Configuring Shibboleth

Audit Fix

  • To fix data with triple files: RAILS_ENV = {{RAILS_ENV}} bundle exec ruby bin/fix/fix-audit.rb 'triples','sample-sparql.txt'
  • To remove irrelevant theses dates: RAILS_ENV = {{RAILS_ENV}} bundle exec ruby bin/fix/fix-audit.rb 'thesis' <pair tree prefix|id>
  • To fix reindex: RAILS_ENV = {{RAILS_ENV}} bundle exec ruby bin/fix/fix-audit.rb 'reindex' <pair tree prefix|id>

A set of rake tasks is also added for index jobs:

  • rake hydranorth:solr:index[id] Index a single object with ID
  • rake hydranorth:solr:index_pairtree[input] Index with a pairtree structure
  • rake hydranorth:solr:batch_index[directory|file] Index from a list of noids, usually from a solr csv output that just contains noids.
  • rake hydranorth:solr:reindex_all Complete reindex of the repository

A shell script will update namespace uris

  • /bin/fix/fix.rb is to update all the namespace uris.
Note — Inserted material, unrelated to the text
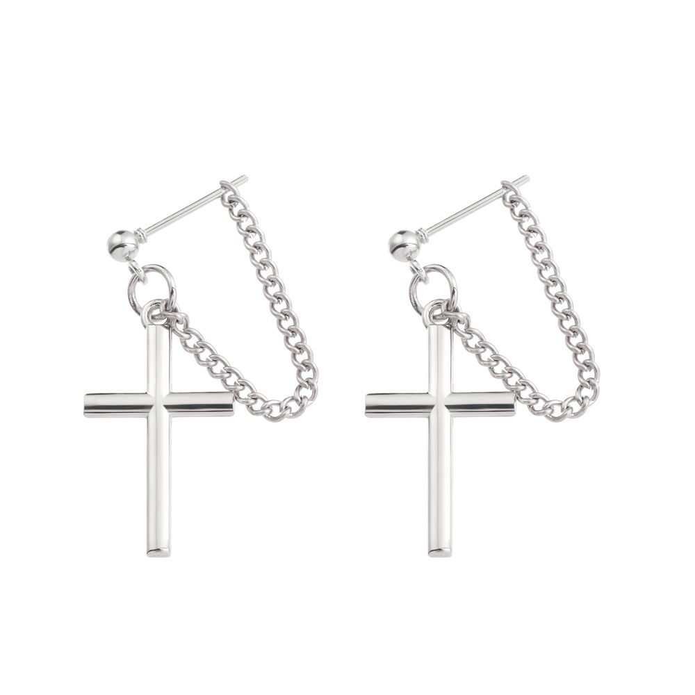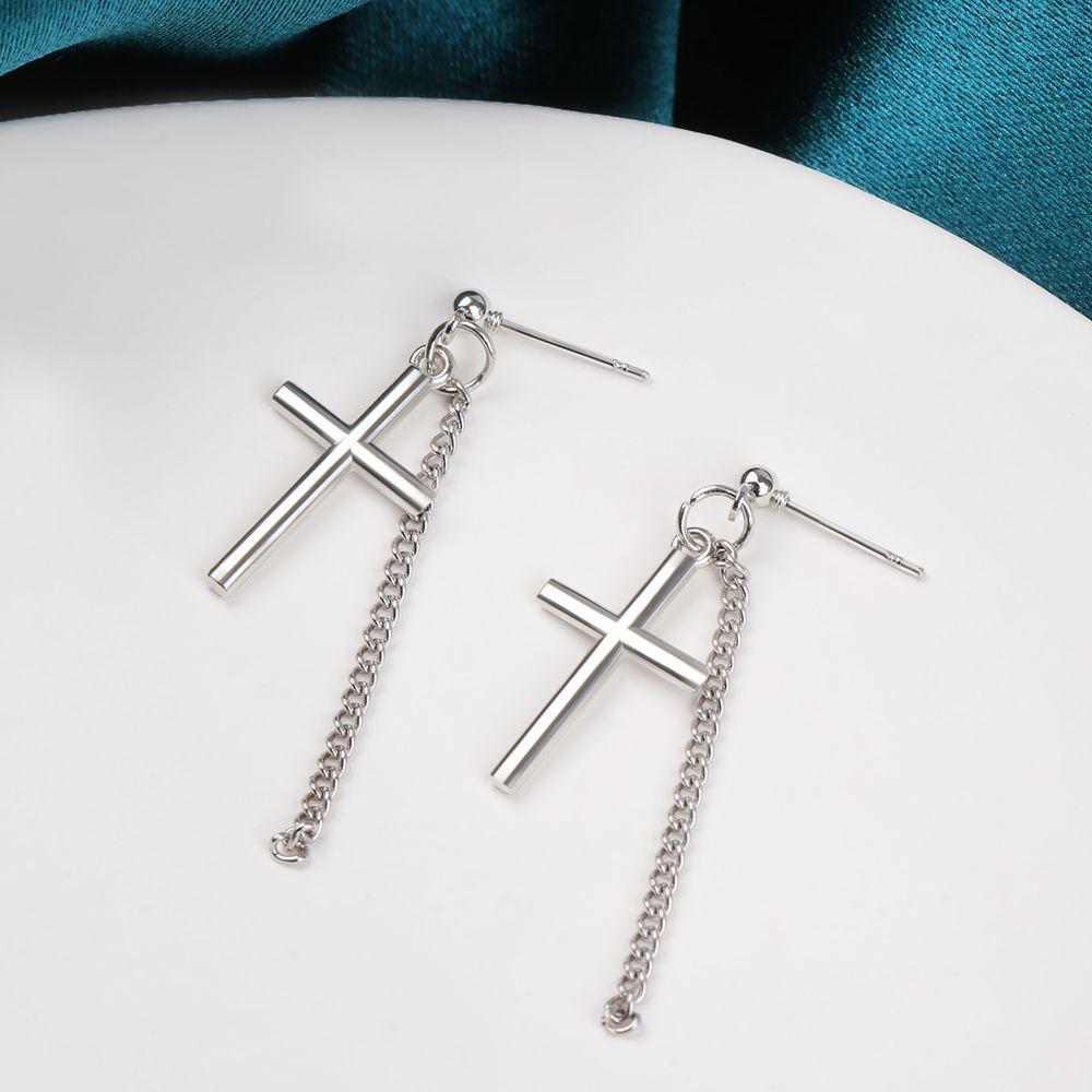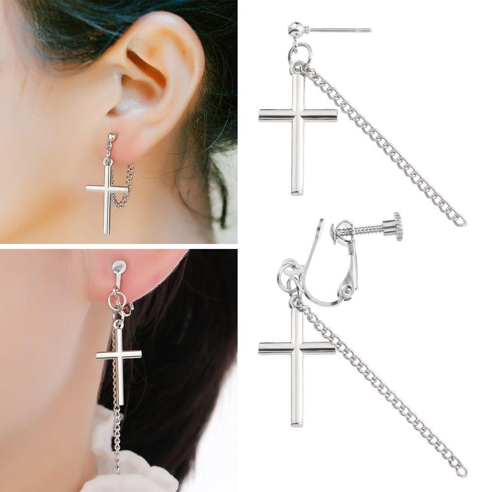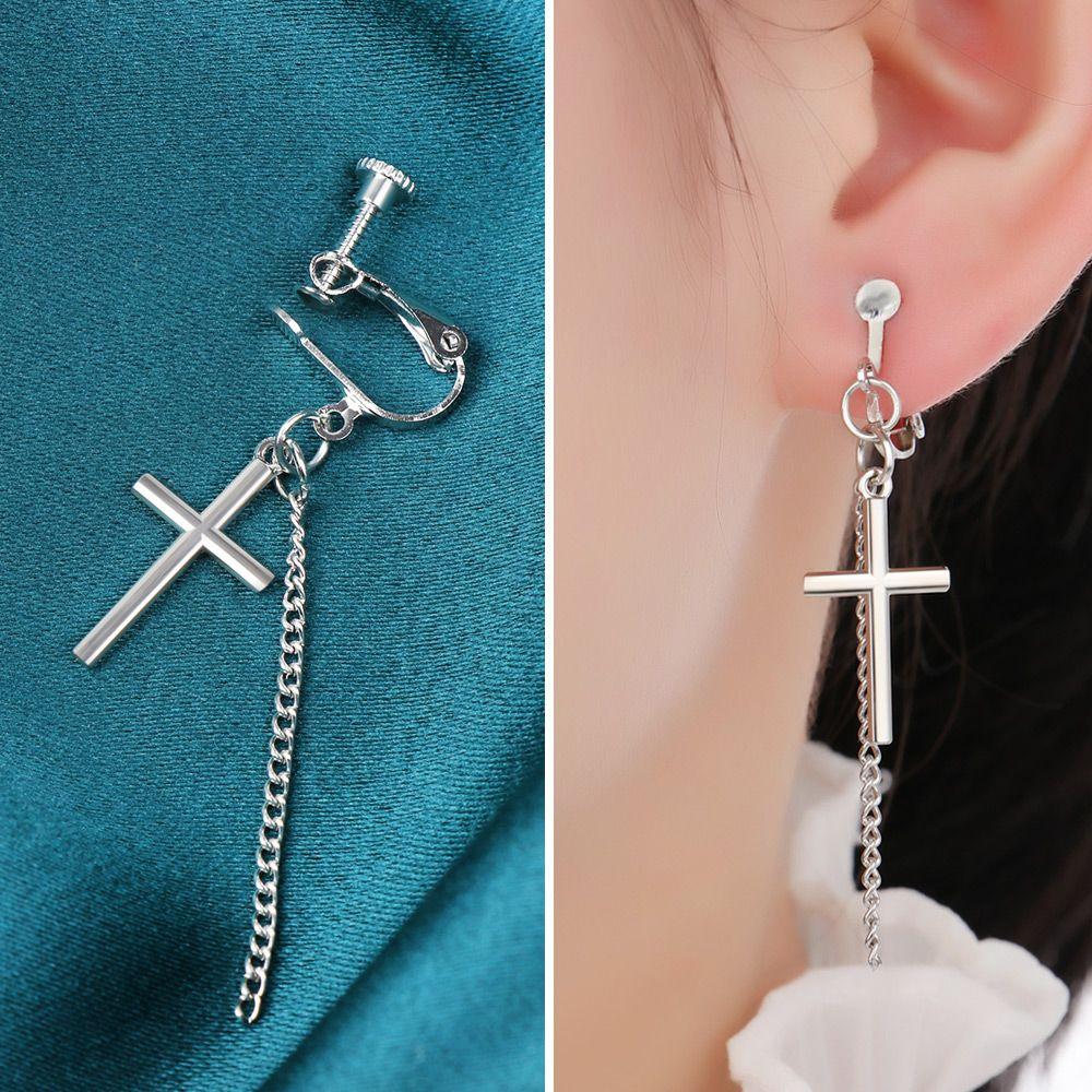 Темные Красивые Супер Крутые Серьги-клипсы на уши с крестом и цепочкой, не требующие прокола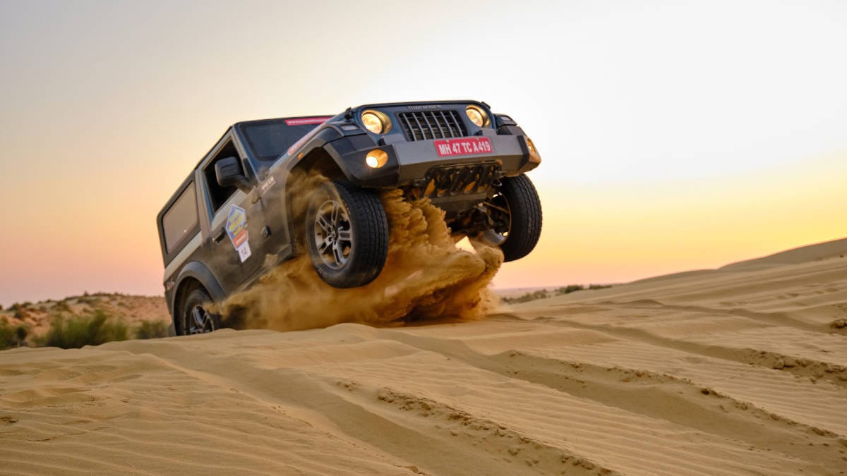 The new Thar is based on Mahindra's Gen3 platform and sits on independent double-wishbone front suspension with a stabilizer bar and multilink coil spring rear suspension. There is a serious four-wheel-drive system with a transfer case, a mechanical locking rear differential and brake locking differentials on the front and rear axles. Mahindra says that the unladen ground clearance is 226mm when specified with the optional 18-inch tyres. These 255/65 R18 tyres have a 798mm diameter. Standard tyre size on steel rims is 245/75 R16. The Thar has an impressive 41.8? approach angle, 36.8? departure angle and 27? break over angle when specified with the larger tyres. Maximum water wading depth is 650 mm. Read about the time we took the new Thar dune-bashing here.

Requires user to replace @server with the Fedora server location before using.
  • /bin/fix/run.sh is to run script through all the pairtree combinations. Requires being run from the bin/fix directory.

EZID DOI Configuration

For hydranorth to successfully create and maintain DOI's you must configure the environmental variables for EZID's API. For more details on these environmental variables see the secrets file at: config/secrets.yml. For non-production environments you can use the apitest test account provided by EZID by configuring it's password using the EZID_PASSWORD environment variable.